Joshua mencoba untuk berfikir, dia mengetuk-etuk meja dengan jarinya beberapa kali. sebenarnya hari ini dia tidak telalu sibuk, hanya meeting dengan klien barunya, tapi mungkin dia bisa menerima ajakan Jhony, lagipula Jhony benar, hidupanya terlalu kaku, lebih kaku daripada kanebo kering.
"jam berapa?"
"sepuluh malam."Joshua mengangguk. dia melirik arlojinya, tidak terasa dia sudah menghabiskan waktunya selama satu jam sendiri disini, dia sampai lupa untuk menghabiskan nasi gorengnya.

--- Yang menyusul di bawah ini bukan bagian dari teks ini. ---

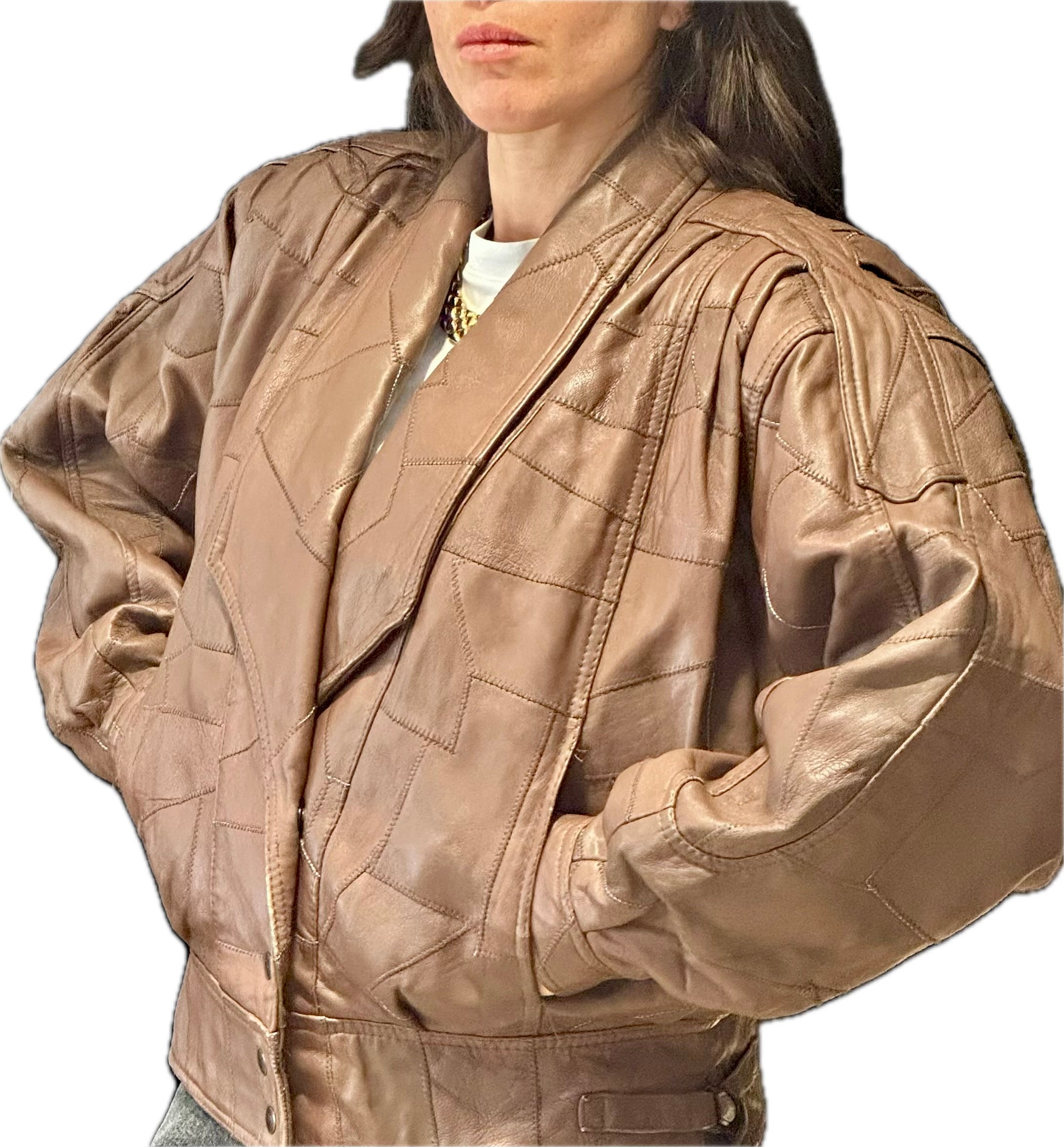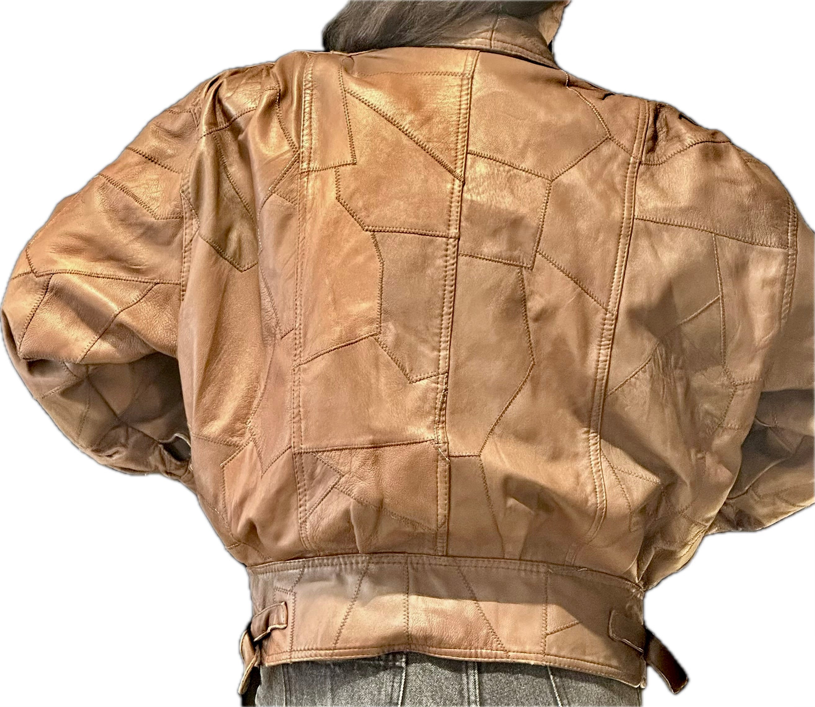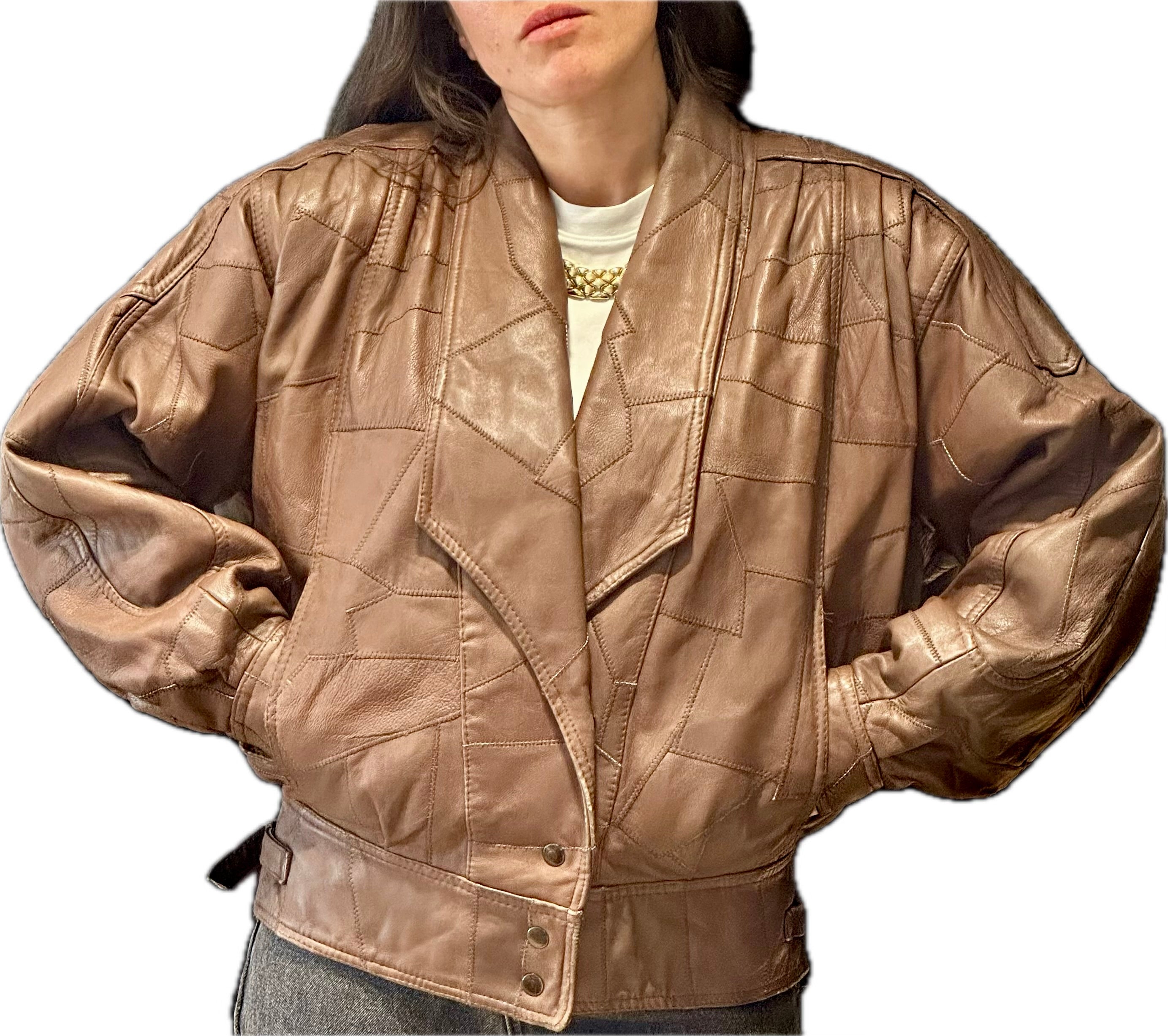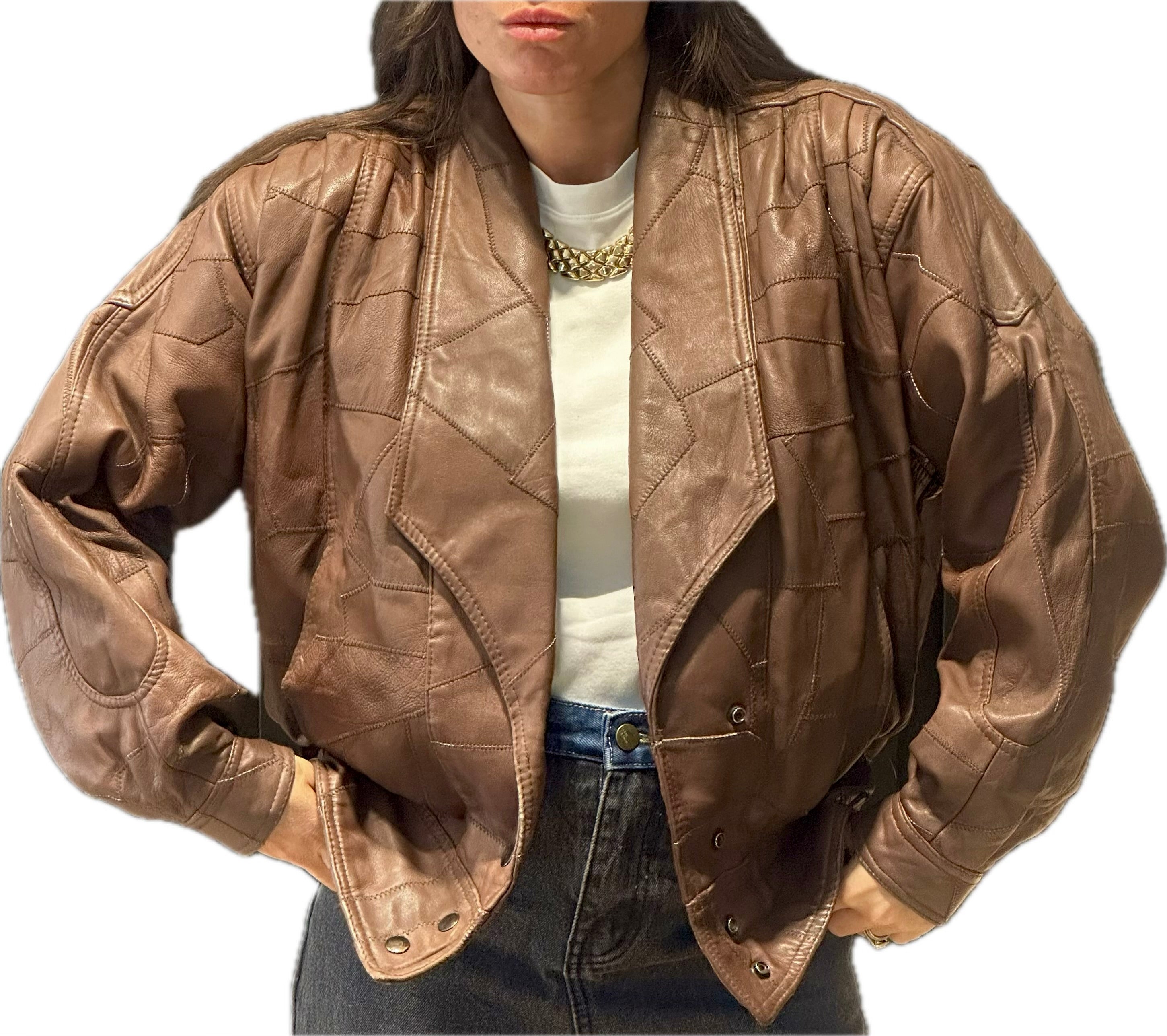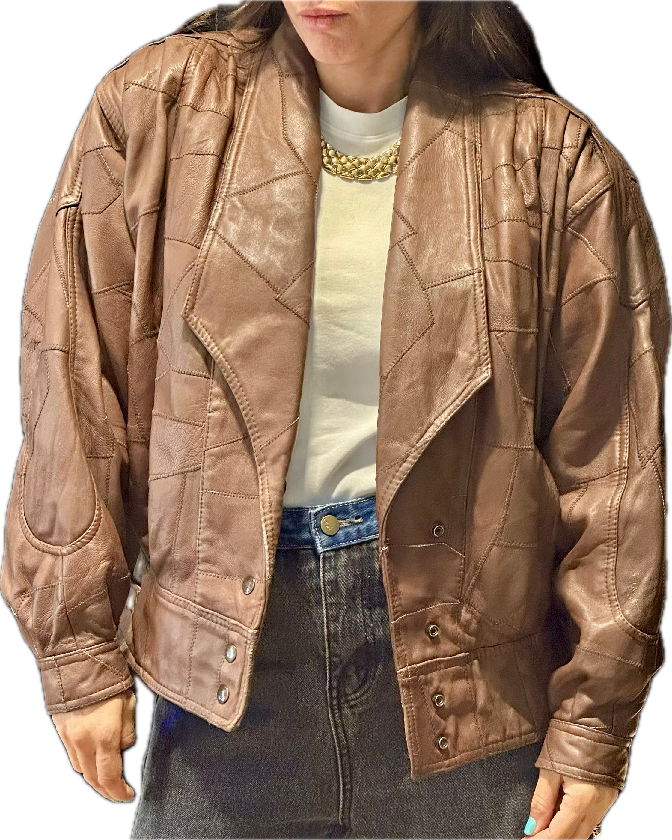 Blouson en Cuir Vintage – Patchwork Marron Texturé, Coupe Épaules Épaules, Taille Unique & Sublime !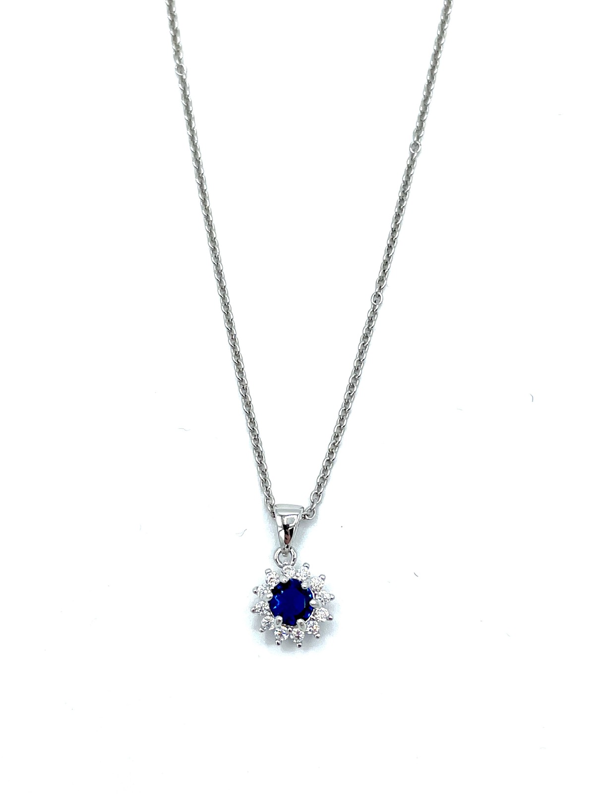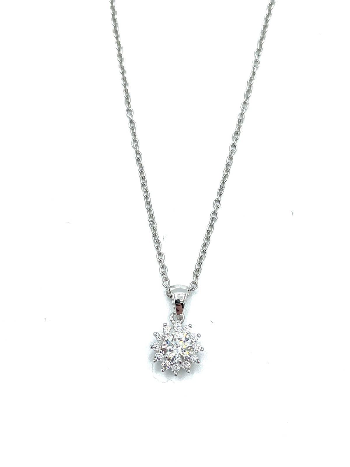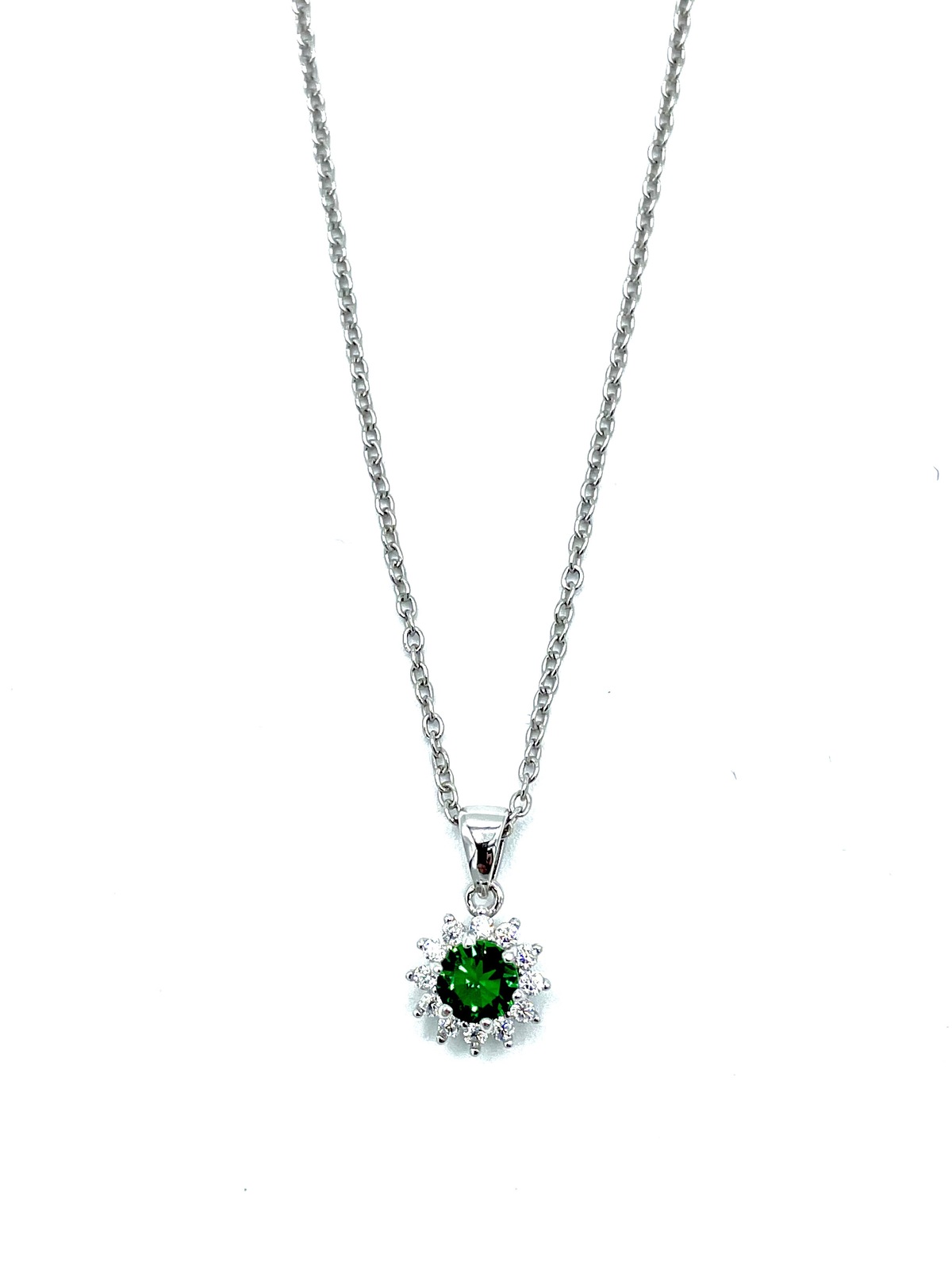 Collana in argento tit. 925m. con pietra tonda centrale contornata da zirconi.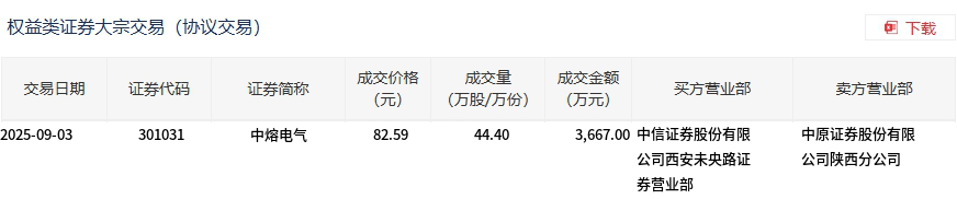 中熔电气今日大宗交易折价成交44.4万股,成交额3667万元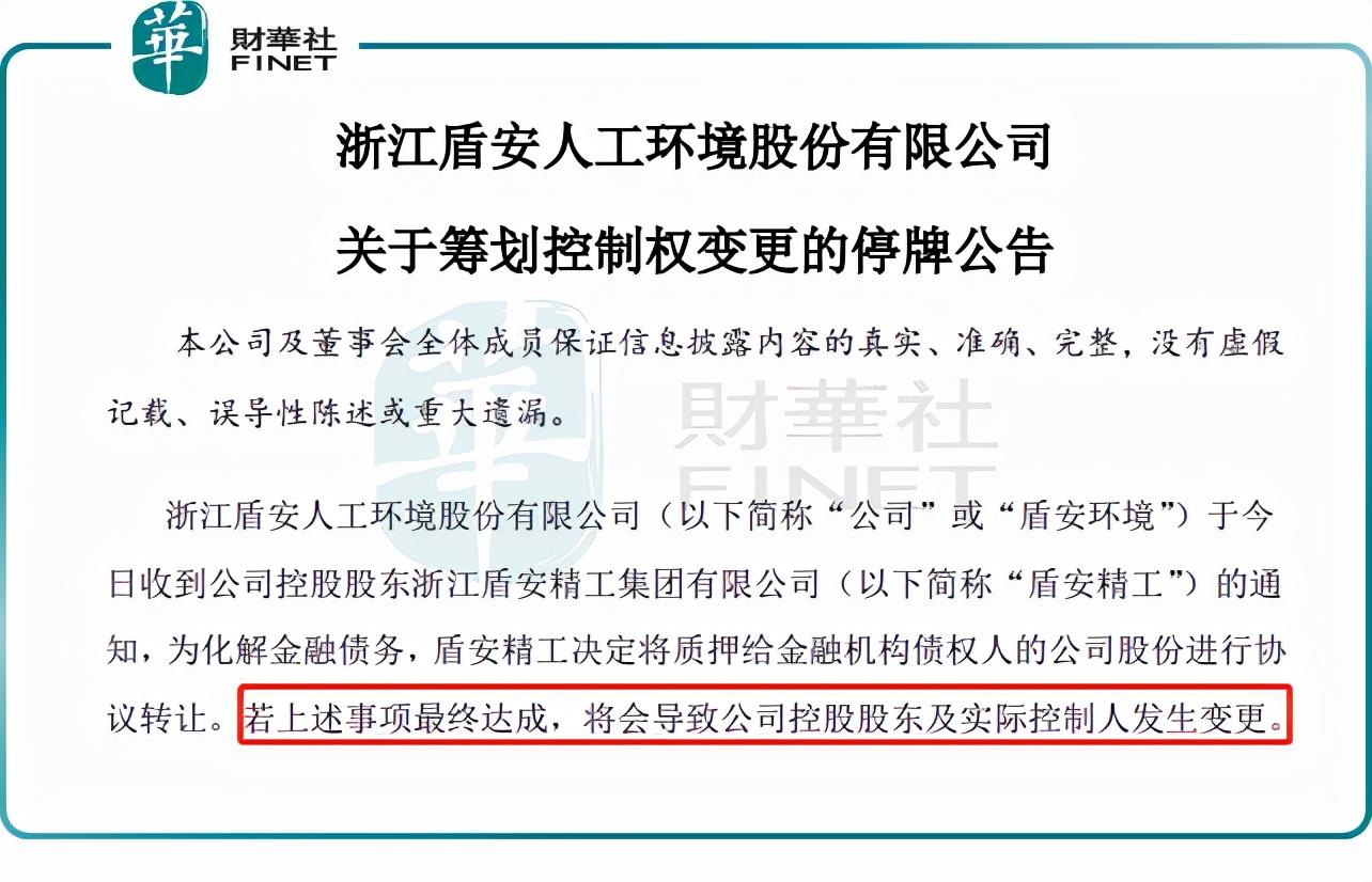 11月9日,盾安环境发布公告称,为化解金融债务,控股股东盾安精工决定将质押给金融机构债权人的公司股份进行协议转让。若上述事项最终达成,将会导致公司控股股东及实际控制人发生变更。

Joshua bangkit berdiri"aku harus pergi, pelayan."
Seorang pelayan datang menghampirinya.
"iya ada yang bisa saya bantu?"
"tolong hitung berapa,"pinta Joshua mengambil dompetnya dari saku celana.
"baik."Pelayan itu mulai menghitung jumlah totalnya.
Jhony berdiri"oh tidak usah repot-repot shua, aku..."
"aku tidak terima penolakan."
"oh baiklah tuan ceo."mereka berdua terkekeh kecil.
"jadi 120 ribu,"kata si pelayan setelah selesai menghitung.
Joshua mengambil uang 100 ribuan dua, tidak ada uang kecil di dalam dompetnya, hanya berisi lima lembar uang 100 ribuan, hanya untuk keperluan mendadak, selebihnya dia selalu menggunakan kartu.
"tunggu sebentar akan saya ambil kembalianya."
"tidak usah, itu tips untuk mu." Joshua mengalihkan pandanganya pada Jhony lagi, menepuk pundak Jhony.
"Jhon, aku pergi dulu."Jhony mengangguk. Joshua berjalan pergi keluar dari dalam kafe.
Jhony berbalik, dia memandangi punggung Joshua sampai hilang di seberang sana "akhirnya kita bertemu lagi ya, b******n kecil."